Every time I look in the mirror, I see my mother staring back at me. It's scary.
Well it looks as if Leo is coming around. At least he is looking at the camera this time! Hopefully his training will take effect and it will be business as usual there. Ugh, please don't ever let me see my Grandmother when I look at myself in the mirror. God love her.
I didn't know my mother's mom. She died when my mother was young and there are no pictures of her.
So people sometimes tell my mother that I look just like her... but then my mother protests and says no June looks like me when I was younger... so how do you think that makes me feel? LOL
Hate pics of myself 'cause I don't like my shape. Or how my mouth usually looks. When I show a pic of me, it is..... an event. lol
Yes, feel wonderfully *privileged* to see the one on my blog! lol
Mari-Nanci
Leo is adoreable.Thanks for sharing his photo.
I'm so with you on the grandma thing Meggie. I even blogged about it around my birthday -- why is it that when I look in the mirror, I see my beloved grandma looking back out at me? Several years ago, I saw my cousin after not seeing him for about 30 years. In dismay, I blurted out "You look just like Grandpa." I now know, in spite of the fact that we adored our grandpa, that must have been just a bit of "Wow -- look how old you've become!" Oh well, as they say, it's better than the alternative!
Reading your story and these comments has reminded me a time when I crammed not only my foot but much of my leg in my mouth. While looking at some photos of my grandmother from the 1920s or 30s, I said (with an unflattering air of surprise) "gee, Grandma, you were pretty when you were young!"
As Jellyhead and a few others have pointed out, we're all quite aware that you're a stunner AND you're able to pull off wearing some really amazing hats.

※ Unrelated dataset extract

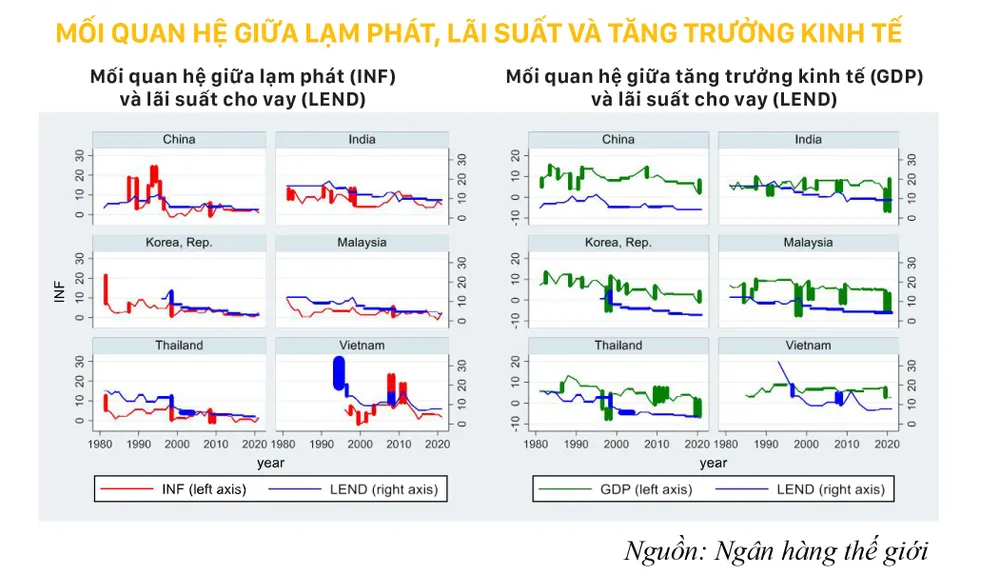 Do đó, điều hành CSTT cần có sự phối hợp hài hòa và hiệu quả với chính sách ổn định tài chính. Xem xét mối quan hệ giữa lạm phát, lãi suất cho vay và tăng trưởng kinh tế của Việt Nam và một số nước trong khu vực, có thể nhận thấy việc duy trì được mặt bằng lãi suất ở mức hợp lý và ổn định sẽ giúp nền kinh tế duy trì được tốc độ tăng trưởng tốt hơn.
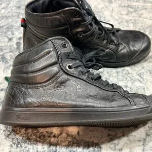 Gucci Black Guccissima Leather High Top Sneakers Size 9.5

I'll bet your mother was proud of you both for your appearance and character until her very last breath.
I did not know my Grandmothers very well. I wish had. I often wish I had the memories of a kind and loving Grandmother. I decided some time back I would be my own Grandmother. I would be the one I so longed for. I could give to myself all the kind words and deeds a Grandmother would bestow on a favorite Granddaughter. The only problem is I too have become puffy. My ideal Grandmother was not puffy. LOL
Now I am working on removing the puffy and becoming an active, slim and trim sort of grandmother!
You are witty and kind and I bet your Grandmother would be ever so proud to call you, "Granddaughter."
The clouds do look threatening.
Stay dry if you can.
Enjoying your photos of the flowers.